TASK TO CARRY OUT:
For every record, give an exact copy that has no pictures in it.

Stored data:
┌──

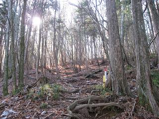 今年は寒波が遅く冷気もそれほど気にならなかったが、今朝は9度とかなり冷えこみ念のためフリースを用意してしばらく歩くと「第一のコブ」と呼ばれるベンチが置かれている所に出た。第一展望台、第二展望台に寄り道しながら標高1160mの「ダナのシャクナゲ群生地」の看板を過ぎると頂上は近い。 |
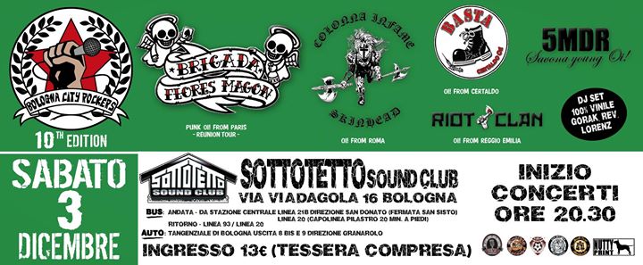 Attendevo da tempo la serata del 3 Dicembre al Sottotetto di Bologna, sia perchè i Colonna Infame non li avevo mai visti, sia perchè le serate di Bologna City Rockers sono sempre piene di bella gente e grande punk oi. E allora via i pensieri e ci si dirige al locale dove il collettivo ci dona questa decima edizione del loro fest.
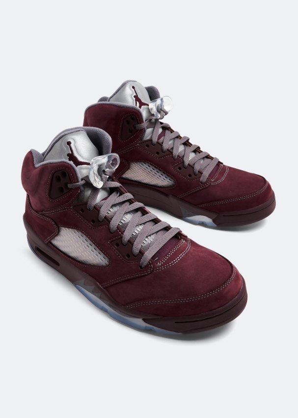أضِف لمسة مستوحاة من الريترو إلى خزانة أحذيتك مع سنيكرز إير جوردان 5 ريترو برغندي من نايك. يتميز بجزء علوي من الشمواه باللون البرغندي مع لمسات باللون الفضي، ألواح شبكية شفافة على النعل الأوسط واللسان وتوسيد بتقنية "اير سول" على الكعب مع نقش متعرج على النعل الخارجي.
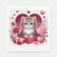 Servilleta De Papel Gatito sentado en una caja con flores y regalos
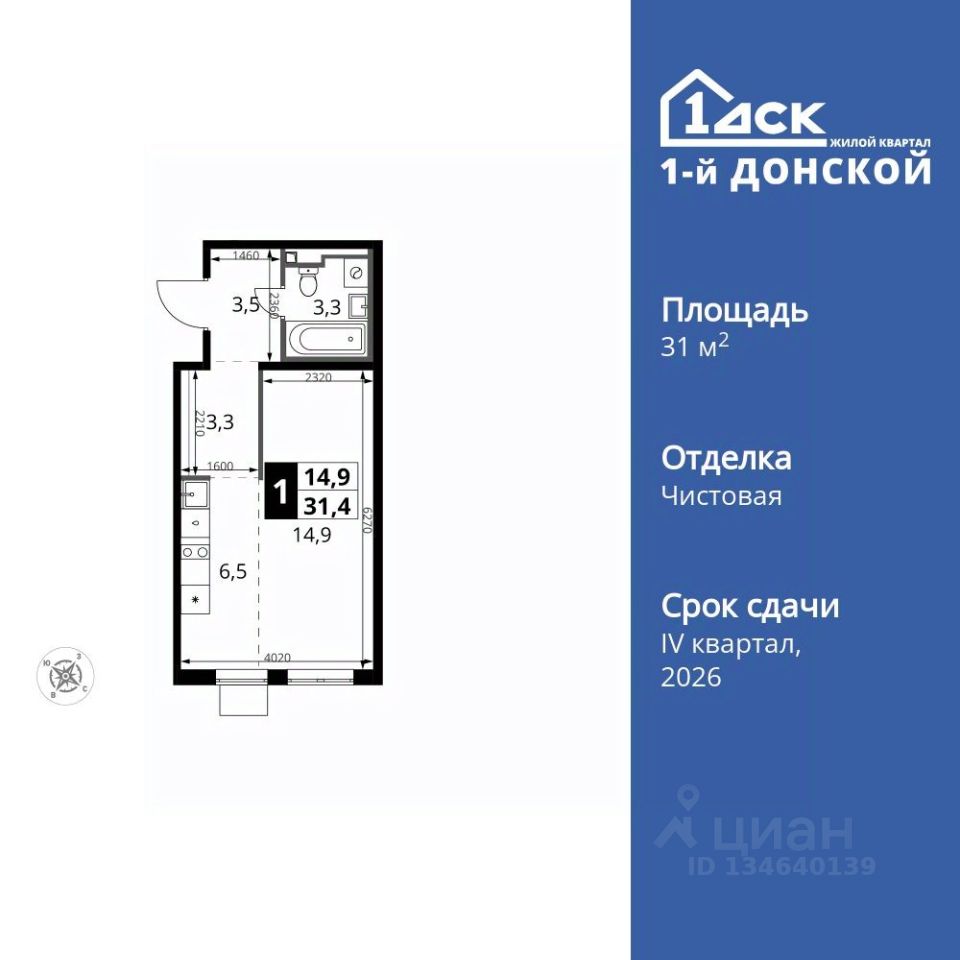Продаётся квартира-студия номер 218 общей площадью 31.5 кв.м. на 23-м этаже 24 этажного здания. Чистовая отделка.
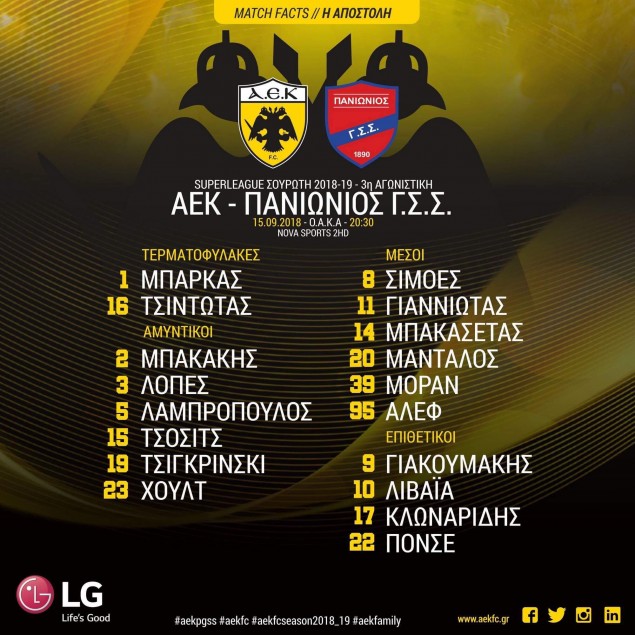 Αναλυτικά η αποστολή της ΑΕΚ: Μπάρκας, Τσιντώτας, Μπακάκης, Λόπες, Λαμπρόπουλος, Τσόσιτς, Τσιγκρίνσκι, Χουλτ, Σιμόες, Μοράν, Άλεφ, Μάνταλος, Γιαννιώτας, Κλωναρίδης, Μπακασέτας, Πόνσε, Γιακουμάκης, Λιβάγια.
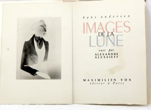 ANDERSEN (Hans). Images de la Lune, vues par Alexandre Alexeieff. Paris, Maximilien Vox, 1942 ; gr. in-4, en ff., couverture imprimée rempliée, chemise et étui. 150/250 € Belles aquatintes très noires d’Alexandre Alexeieff à pleine...
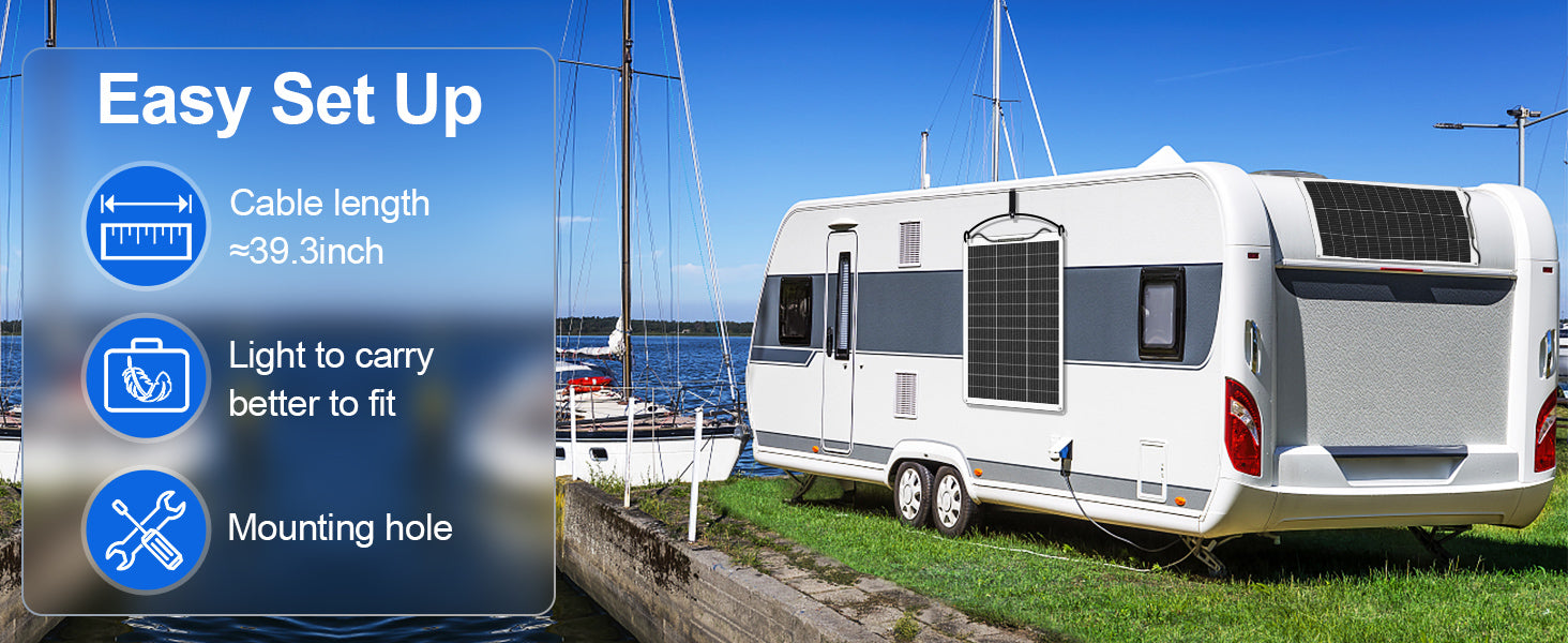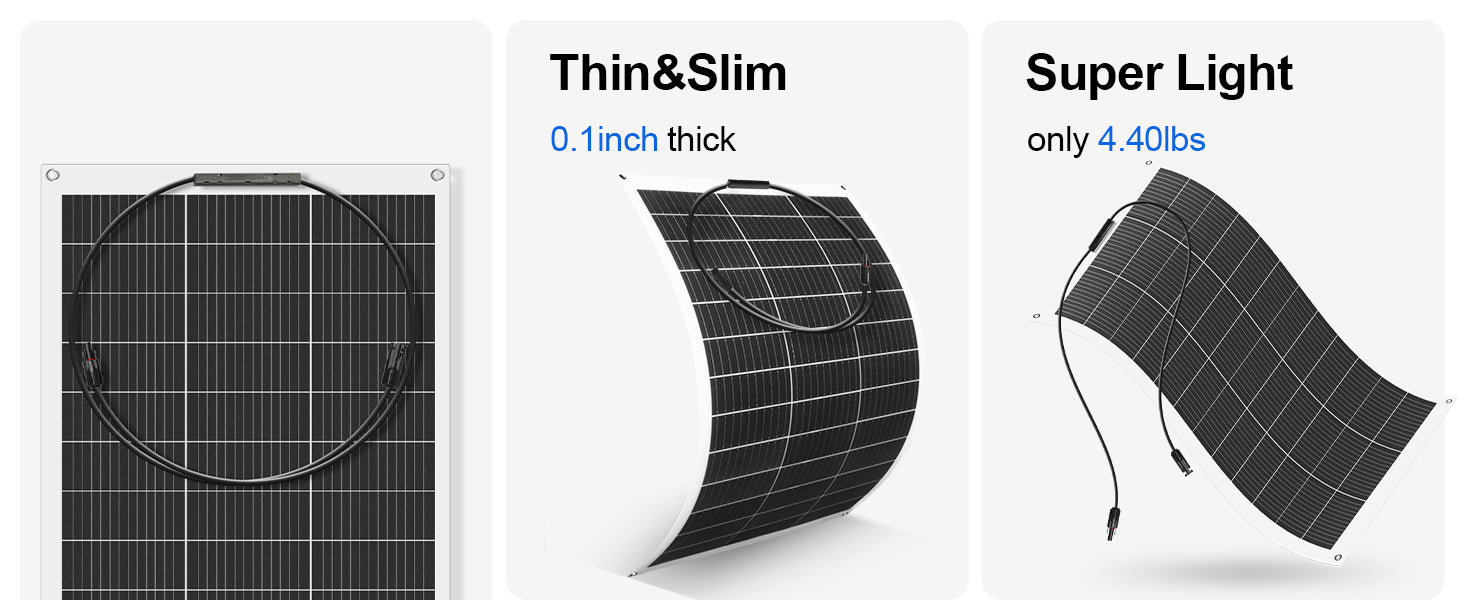 ·Maximum Stability: Our flexible solar modules are made from a special aluminum-plastic composite. The aluminum core of the base plate is 0.8 mm thick and encased in plastic to give the entire module greater stability without reducing flexibility. Thanks to the integrated bypass diodes in the junction box, the module can continue to produce electricity even when it is shaded or in poor lighting conditions.

└──

ANSWER TO THE PROBLEM:
 今年は寒波が遅く冷気もそれほど気にならなかったが、今朝は9度とかなり冷えこみ念のためフリースを用意してしばらく歩くと「第一のコブ」と呼ばれるベンチが置かれている所に出た。第一展望台、第二展望台に寄り道しながら標高1160mの「ダナのシャクナゲ群生地」の看板を過ぎると頂上は近い。 |
 Attendevo da tempo la serata del 3 Dicembre al Sottotetto di Bologna, sia perchè i Colonna Infame non li avevo mai visti, sia perchè le serate di Bologna City Rockers sono sempre piene di bella gente e grande punk oi. E allora via i pensieri e ci si dirige al locale dove il collettivo ci dona questa decima edizione del loro fest.
أضِف لمسة مستوحاة من الريترو إلى خزانة أحذيتك مع سنيكرز إير جوردان 5 ريترو برغندي من نايك. يتميز بجزء علوي من الشمواه باللون البرغندي مع لمسات باللون الفضي، ألواح شبكية شفافة على النعل الأوسط واللسان وتوسيد بتقنية "اير سول" على الكعب مع نقش متعرج على النعل الخارجي.
 Servilleta De Papel Gatito sentado en una caja con flores y regalos
Продаётся квартира-студия номер 218 общей площадью 31.5 кв.м. на 23-м этаже 24 этажного здания. Чистовая отделка.
 Αναλυτικά η αποστολή της ΑΕΚ: Μπάρκας, Τσιντώτας, Μπακάκης, Λόπες, Λαμπρόπουλος, Τσόσιτς, Τσιγκρίνσκι, Χουλτ, Σιμόες, Μοράν, Άλεφ, Μάνταλος, Γιαννιώτας, Κλωναρίδης, Μπακασέτας, Πόνσε, Γιακουμάκης, Λιβάγια.
 ANDERSEN (Hans). Images de la Lune, vues par Alexandre Alexeieff. Paris, Maximilien Vox, 1942 ; gr. in-4, en ff., couverture imprimée rempliée, chemise et étui. 150/250 € Belles aquatintes très noires d’Alexandre Alexeieff à pleine...
 ·Maximum Stability: Our flexible solar modules are made from a special aluminum-plastic composite. The aluminum core of the base plate is 0.8 mm thick and encased in plastic to give the entire module greater stability without reducing flexibility. Thanks to the integrated bypass diodes in the junction box, the module can continue to produce electricity even when it is shaded or in poor lighting conditions.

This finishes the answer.